Он был одинок и еще из-за одной привычки. Всегда, каждую минуту он был напряжен и суетился, стучал костяшками пальцев по столу или по какой другой поверхности. И тут, в какую-то минуту скалил ровные, вставные зубы, обнажая бледно-розовые десны.

Глядя на него, любой самый смелый собеседник съеживался, сравнивая старика, пожалуй, с собакой, которую хозяева, избив до полусмерти, внезапно, сожалея о своем поступке, начинают ласкать.

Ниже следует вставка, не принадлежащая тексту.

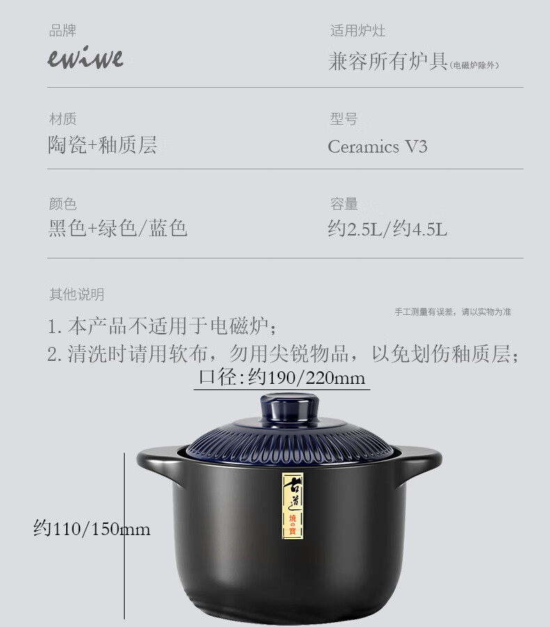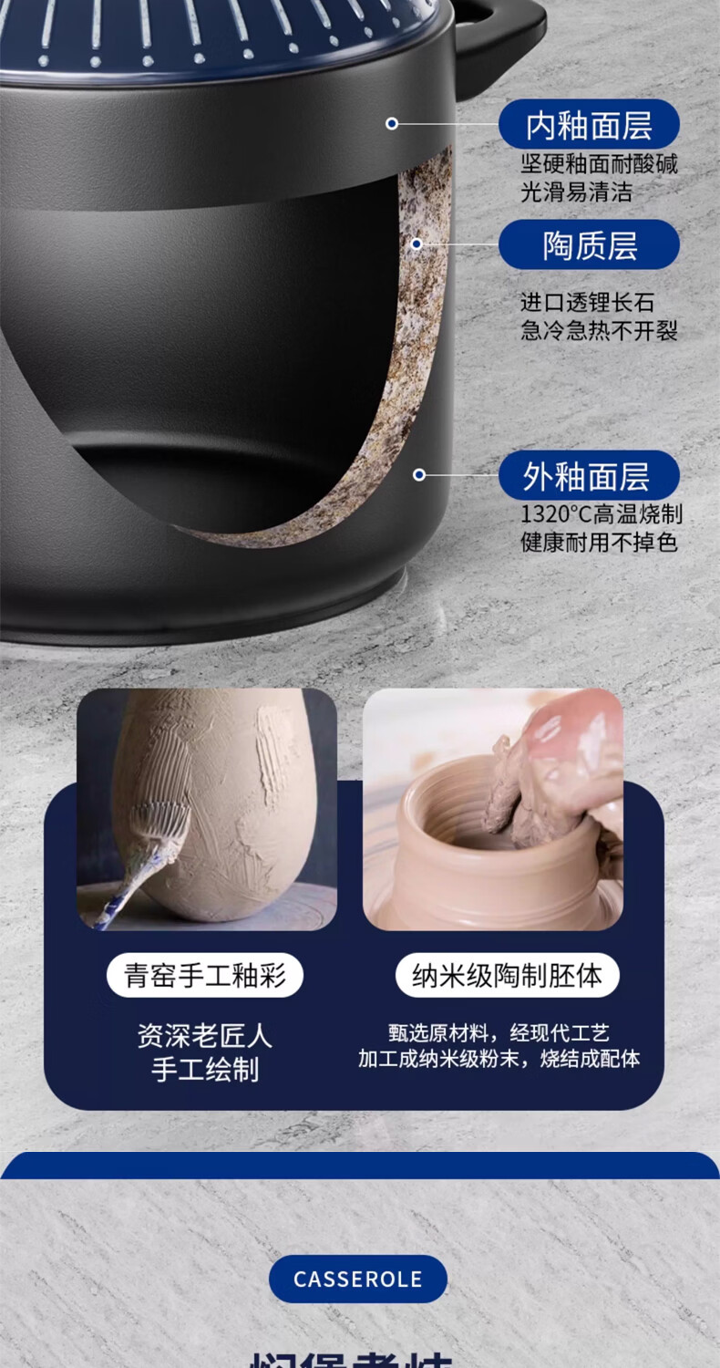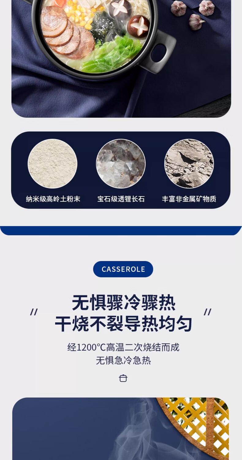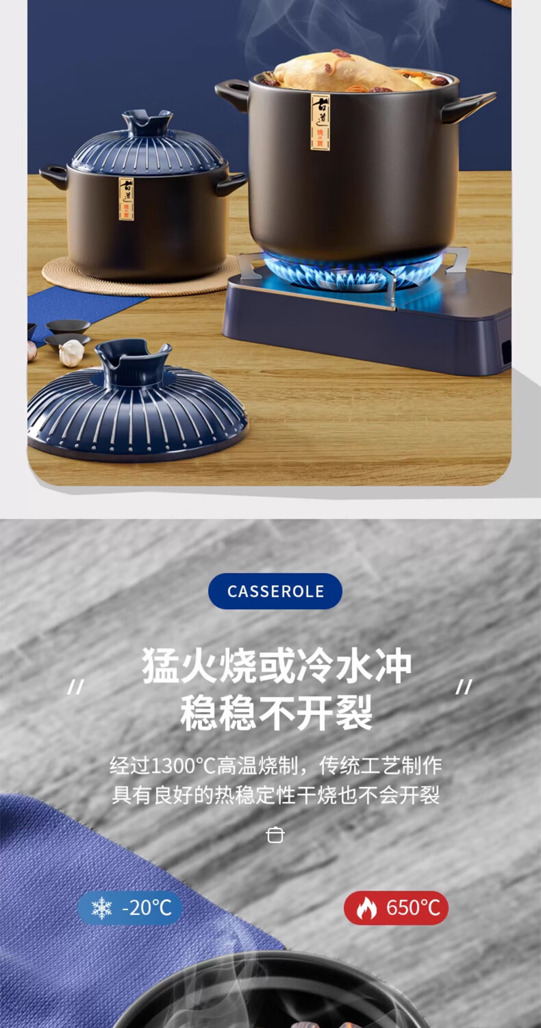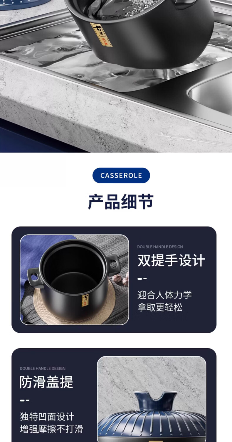 STABURG日式复古砂锅耐高温炖锅家用煲汤锅燃气灶专用陶瓷煲仔饭沙锅 聚能锅体/干烧不裂/食品级材质 2.5L

Собака, помешавшаяся от побоев, скалит зубы и боится укусить, зная, что пожалуй, ее тогда убьют, но и выдержать ласки она не в состоянии, а тихо ненавидя, начинает скулить и отползать куда-нибудь в щель, чтобы оттуда глядеть на обидчиков, вынашивая планы мести.

Дед Марка создавал у людей точно такое же впечатление побитой и всех ненавидящей собаки. Люди его сторонились, соседи замолкали, когда он коротко кивая им, проходил мимо, кривясь от боли и держась рукою за поясницу. И никто из знающих его не мог бы сказать с абсолютной уверенностью, что старик не в себе.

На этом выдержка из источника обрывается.